Impact: The announcement could help businesses secure existing supply chains, particularly in clothing and electronics. It could also provide new supply routes and opportunities with emerging markets.
UK-France industrial strategy partnership
On 11 July, the UK and France announced a new Industrial Strategy Partnership, the first initiative of its kind in Europe. It is intended to enhance economic cooperation and attract significant investment. Over £1 billion in confirmed investment deals were secured, which are expected to generate thousands of highly skilled jobs within the UK. This initiative aligns with the UK’s Modern Industrial Strategy, the ten-year plan designed to foster a resilient, high-skilled economy.
The partnership will prioritise key growth sectors such as technology, clean energy, and advanced manufacturing. Advancing the green and digital transition and reinforce economic resilience.
Impact: A key component of the partnership is strengthening co-operation to secure supply chains around critical minerals. This is expected to increase methodologies for supply chain analysis and mapping in shared priority sectors of interest. For businesses using critical minerals in their products, this partnership could be a welcome development.
UK-India trade deal signed
On 24 July, the UK and India signed a trade deal, first announced on 6 May. It aims to create trading opportunities between the countries. The deal strives for job creation as a result of Indian investment, export wins, and liberalised tariffs. Commitments have also been made for closer collaboration in the fields of defence, education, climate, technology and innovation. Alongside cooperating on matters of national security and organised crime.
Impact: Indian businesses could benefit from greater access to UK markets, particularly in competitive sectors such as textiles and food processing. The deal could provide new opportunities in global supply chains.
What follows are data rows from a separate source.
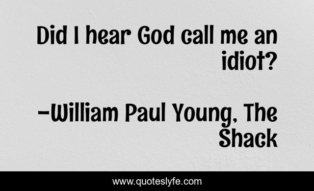This page presents the quote "Did I hear God call me an idiot?". Author of this quote is William Paul Young, The Shack. This quote is about idiot, god, humor,.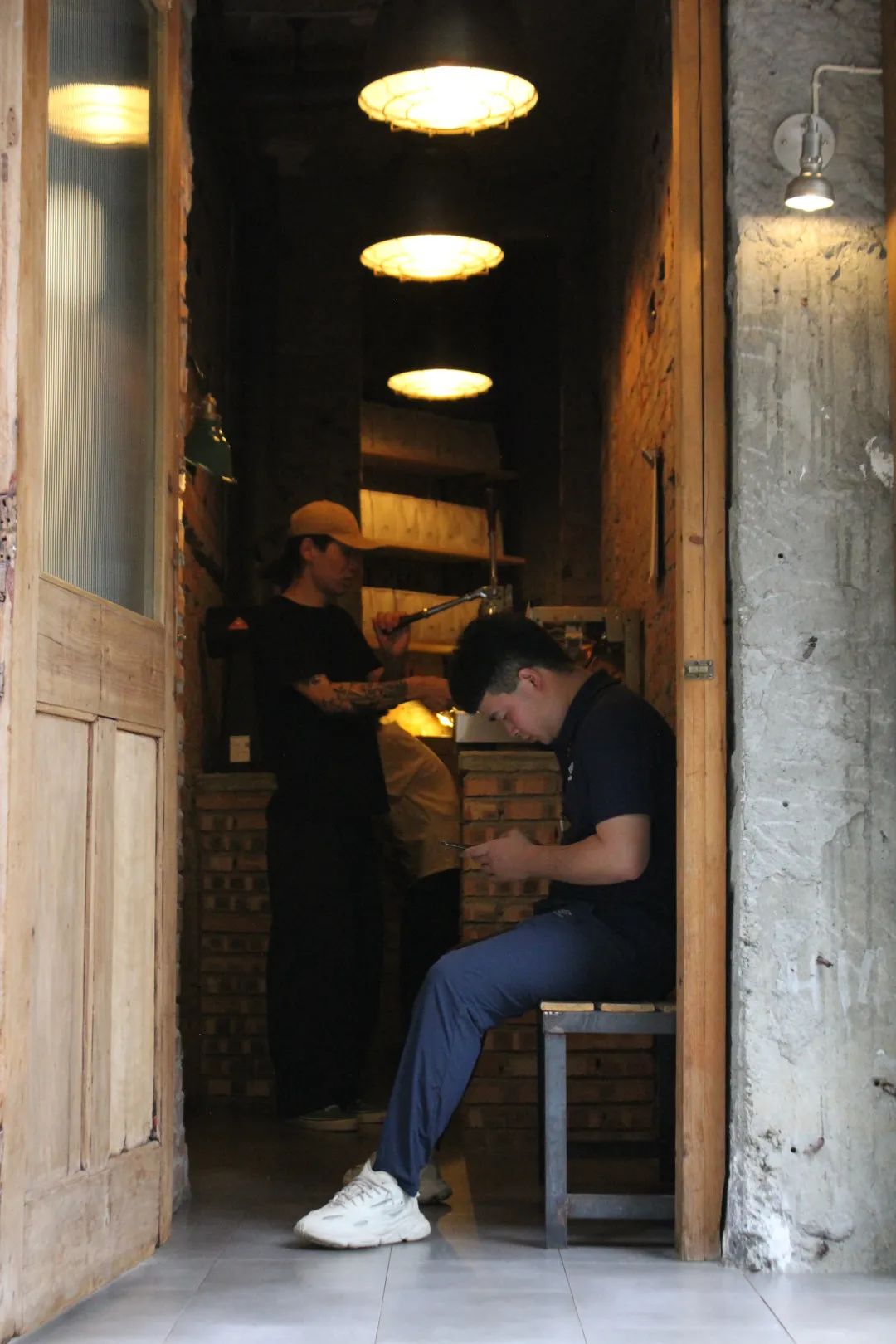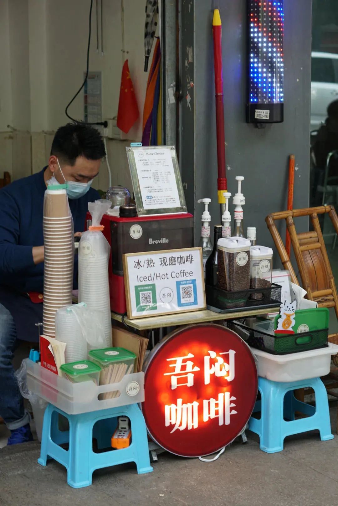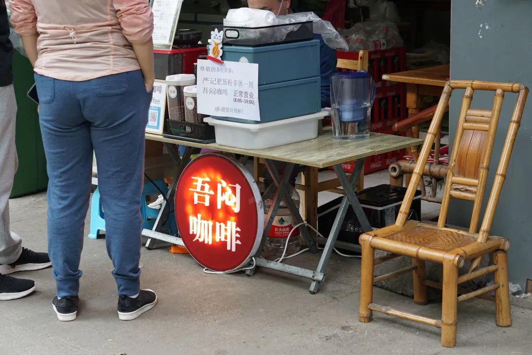 咖啡铺子已经开了一年左右,来店里吃肥肠粉配咖啡的人越来越多,猴子也没想到,自己所在的跨境企业还没复工,咖啡倒是做得越来越有模有样。单子一来,猴子扯出小板凳一坐,就开始上手操作。坐在小板凳上做咖啡的咖啡师,我也是头一次见。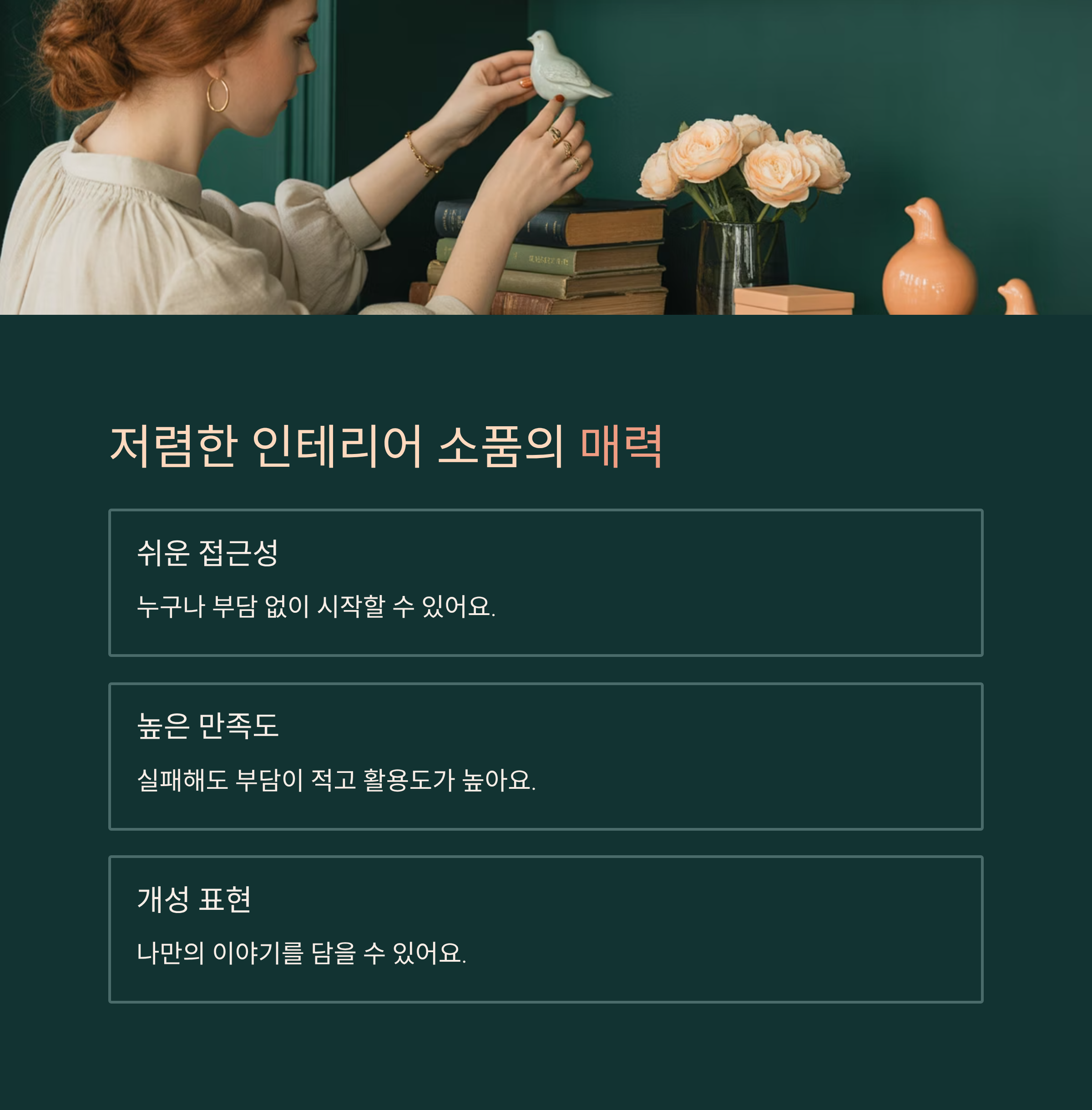 이제 목차에서 본 것처럼, 저렴한 인테리어 소품의 매력부터 활용 방법, DIY 아이디어까지 하나씩 살펴보면서 여러분의 공간을 더 특별하게 꾸밀 수 있는 방법을 소개해 드릴게요. 지금은 인트로와 목차만 나왔고, 이어서 각 섹션별로 풍부한 내용이 자동으로 출력될 예정이에요!

The UK Government states that in the long term the deal is expected to increase bilateral trade by £25.5 billion, UK GDP by £4.8 billion and wages by £2.2 billion each year.
EU-US trade deal
On 27 July, the European Commission and US Administration agreed a new EU-US trade deal.
A 15% US tariff ceiling will apply to nearly all EU exports currently subject to reciprocal tariffs. Where the Most Favoured Nation (MFN) tariff exceeds 15%, the MFN rate will apply.
Strategic EU products like aircraft and aircraft parts, certain chemicals, certain drug generics or natural resources will benefit from reduced tariffs to pre-2025 levels. Pharmaceuticals and semiconductors are temporarily subject to MFN tariffs pending the outcome of US Section 232 investigations. Alcohol tariffs remain unresolved.
The EU plans to spend $750 billion over three years on US LNG, oil, and nuclear energy to replace Russian supplies. It also plans to buy €40 billion in US AI chips to safeguard its technological leadership. EU companies have expressed intentions of $600 billion in additional investment in US sectors by 2029, alongside commitments to purchase US military equipment.
Impact: EU carmakers could benefit from a 15% US tariff cap, down from 25%, boosting supply chain stability. In pharmaceuticals, 15% US tariff may potentially raise costs. This is estimated to be between $13 billion and $19 billion. US tariffs on EU steel and aluminium imports will remain at 50%. Steel, aluminium, and copper sectors could be protected through joint tariff rate quotas and fair competition measures. Non-tariff barriers may be reduced via cooperation on mutual recognition of assessments in various industrial sectors. US agricultural producers gain €7.5 billion in improved EU access, while EU farmers retain protections for sensitive products. Enhanced cooperation on LNG and renewables could strengthen EU energy security.
For more insight on what businesses need to know see our EU–US Trade Deal briefing.
EU mutual recognition agreement with Canada
On 1 August, the EU-Canada AEO Mutual Recognition Agreement (MRA) officially entered into force, aiming to enhance trade security.
The agreement enables mutual recognition of the EU’s Authorised Economic Operator (AEO) and Canada’s Partners in Protection (PIP) programmes. With the intention of streamlining customs procedures for compliant businesses.
Impact: Businesses could benefit from faster customs clearance, and simplified compliance.
Automated data exchange improves supply chain transparency and reduces delays. The agreement may also enhance business continuity during disruptions, allowing priority clearance for certified operators in emergencies.
UK-EU deal to reduce border checks
On 18 August, the UK Government announced the suspension of extra border checks on live animal imports from the EU and specific animal and plant products from Ireland / Northern Ireland.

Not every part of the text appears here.